Question 8.1: A three-stage compressor is required to compress air from 14...

It is shown in Section 8.3.4 that the work done is a minimum when the intermediate pressures P_{i1} and P_{i2} are related to the initial and final pressures P_{1} and P_{2} by:

P_{i1}/P_{1} = P_{i2}/P_{i1} =P_{2}/P_{i2}    (equation 8.45)

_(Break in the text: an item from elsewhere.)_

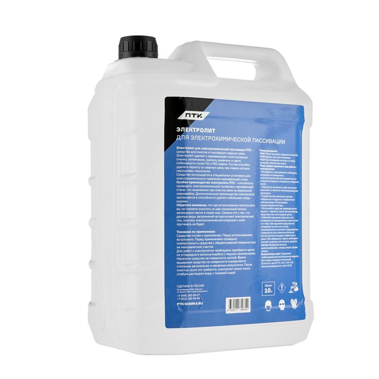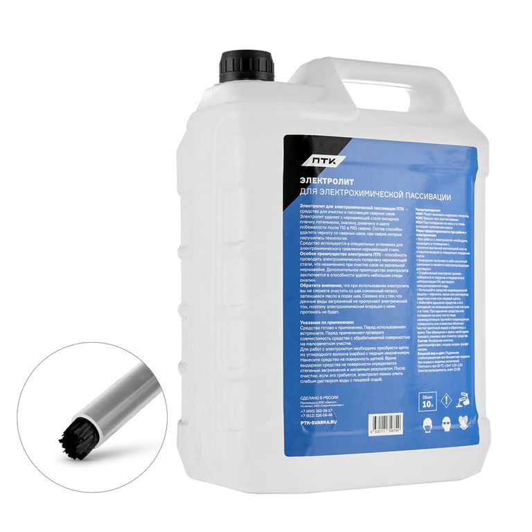 Электролит для электрохимической пассивации ПТК – средство для очистки и пассивации сварных швов. Электролит удаляет с нержавеющей стали оксидную пленку, потемнения, окалину, ржавчину и цвета побежалости после TIG и MIG сварки. Состав способен проводить электрохимическую полировку нержавеющей стали, что незаменимо при очистке швов на зеркальной нержавейке.

P_{1}= 140 kN/m² and P_{2} = 4000 kN/m².

∴      P_{2}/P_{1} = 28.57

∴      P_{i2}/P_{i1}=P_{2}/P_{i2}=\sqrt[3]{28.57} = 3.057 ,

P_{i1} = \underline{\underline{428 \ kN/m^2}},

and:    P_{i2} = \underline{\underline{1308 \ kN/m^2}}

The specific volume of the air at the inlet is:

v_{1}= (22.4/29)(283/273) (101.3/140) = 0.579 m³/kg

Hence, for 1 kg of air, the minimum work of compression in a compressor of n
stages is:

W =nP_{1}v_{1}(\frac{\gamma }{\gamma -1} )\left[(\frac{P_{2}}{P_{1}} )^{(\gamma-1)/n\gamma }-1 \right]        (equation 8.46)

Thus: W = (3 × 140,000 × 0.579)(1.4/0.4)[(28.57)^{0.4/3×1.4}-1] = \underline{\underline{319,170 \ J/kg}}

The isothermal work of compression is:

W_{iso}= P_{1}v_{1}(\ln P_{2}/P_{1})            (equation 8.36)

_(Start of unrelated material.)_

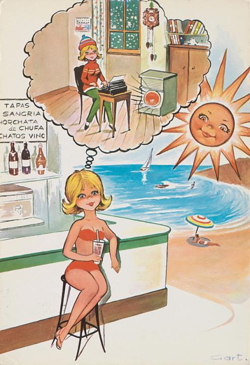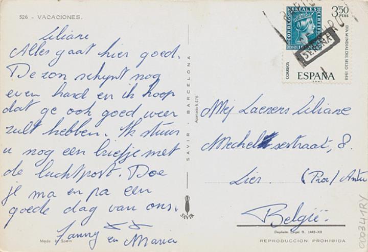 Illustrierte Postkarte; Grafik, polychrom; Nr. 526 Rückseite: Sekretärin im Büro mit Schreibmaschine (Rundbild) und im Urlaub am Strand Vorderseite: beschrieben; adressiert an Mej Laeners, Lier; Briefmarke Correos Espana 3.50 Ptas

= (140,000 × 0.579 ln 28.57) = 271,740 J/kg

The isothermal efficiency = (100 ×271,740)/319,170 = \underline{\underline{85 \ \%}}

Compression cycles are shown in Figs 8a and 8b. The former indicates the effect of various values of n in PV^{n} D constant and it is seen that the work done is the area under the temperature–entropy curve. Figure 8b illustrates the three-stage compressor of this problem. The final temperature T_{2}, found from T_{2}/T_{1} = (P_{2}/P_{1}){(\gamma-1)/\gamma } is 390 K. The dotted lines illustrate the effect of imperfect interstage cooling.